April 2025 — Focused on strengthening user onboarding and documentation for Pioreactor WiFi configuration within the ac-training-lab repo, delivering a comprehensive setup guide supported by visuals and travel connectivity considerations.
February 2025 monthly summary for AccelerationConsortium/ac-training-lab: Key features delivered include Raspberry Pi MQTT integration for Bambu Lab printer status queries and control with testing utilities; Prefect-based workflow automation and Docker Compose deployment for Gradio API PioReactor; and comprehensive documentation for Bambu Labs integration and receive.py. No major bugs fixed this month; remaining work focused on stabilization and clarity. Overall impact: improved remote monitoring/control, automated stirring workflows, and clearer on-boarding; enabling scalable testing and deployment. Technologies/skills demonstrated include Raspberry Pi MQTT, MQTT testing utilities, API refactors, Prefect workflows, Docker Compose, Gradio API integration, and thorough documentation.
February 2025 monthly summary for AccelerationConsortium/ac-training-lab: Key features delivered include Raspberry Pi MQTT integration for Bambu Lab printer status queries and control with testing utilities; Prefect-based workflow automation and Docker Compose deployment for Gradio API PioReactor; and comprehensive documentation for Bambu Labs integration and receive.py. No major bugs fixed this month; remaining work focused on stabilization and clarity. Overall impact: improved remote monitoring/control, automated stirring workflows, and clearer on-boarding; enabling scalable testing and deployment. Technologies/skills demonstrated include Raspberry Pi MQTT, MQTT testing utilities, API refactors, Prefect workflows, Docker Compose, Gradio API integration, and thorough documentation.
Concise monthly summary for 2025-01 focusing on key features, major fixes, impact, and technologies demonstrated. Business value is emphasized: automation reliability, safer remote control, and a cleaner API/command handling surface for reactor and process management.
Concise monthly summary for 2025-01 focusing on key features, major fixes, impact, and technologies demonstrated. Business value is emphasized: automation reliability, safer remote control, and a cleaner API/command handling surface for reactor and process management.
November 2024 focused on extending Pioreactor capabilities in ac-training-lab to improve remote operability, data visualization, and API reliability. Key work included adding Gather Town visual assets, enabling Colab-based remote control and monitoring, enhancing the notebook ecosystem with visualization and endpoints, and fixing API endpoint construction for stable API calls. These deliverables reduce manual intervention, speed experimental cycles, and improve platform reliability for end users and researchers.

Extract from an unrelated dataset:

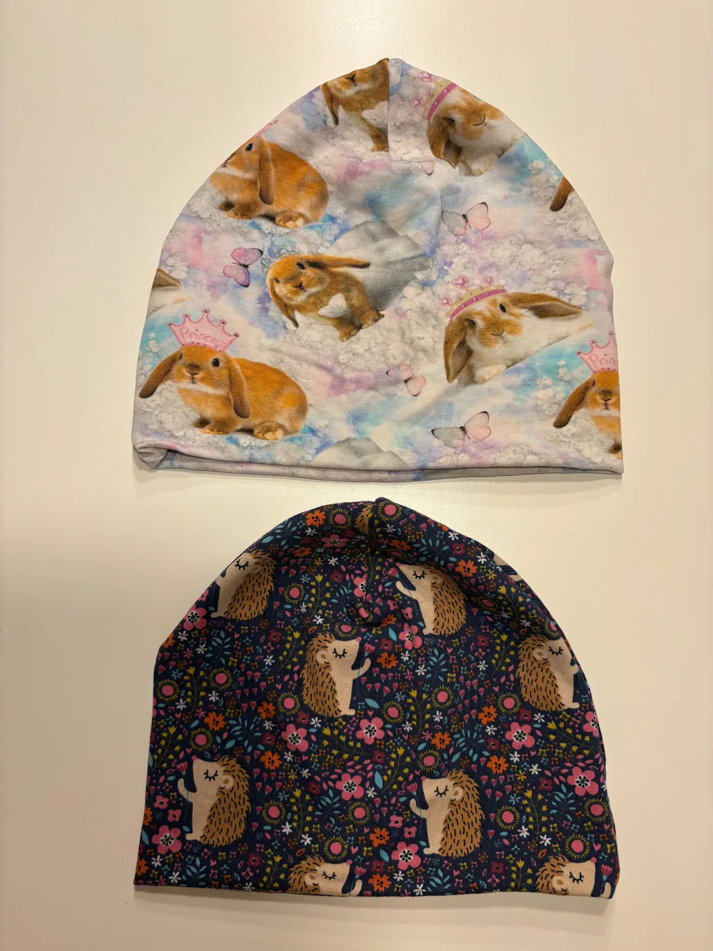 Välj storlek baserat på barnets eller den vuxnes huvudomfång. Exempelvis, om huvudomfånget är 53 cm, välj storlek 54. Till detta symönster rekommenderar jag trikåtyg (ex. jersey och college) med 40% stretch (använd gärna stretchguiden i mönstret).

November 2024 focused on extending Pioreactor capabilities in ac-training-lab to improve remote operability, data visualization, and API reliability. Key work included adding Gather Town visual assets, enabling Colab-based remote control and monitoring, enhancing the notebook ecosystem with visualization and endpoints, and fixing API endpoint construction for stable API calls. These deliverables reduce manual intervention, speed experimental cycles, and improve platform reliability for end users and researchers.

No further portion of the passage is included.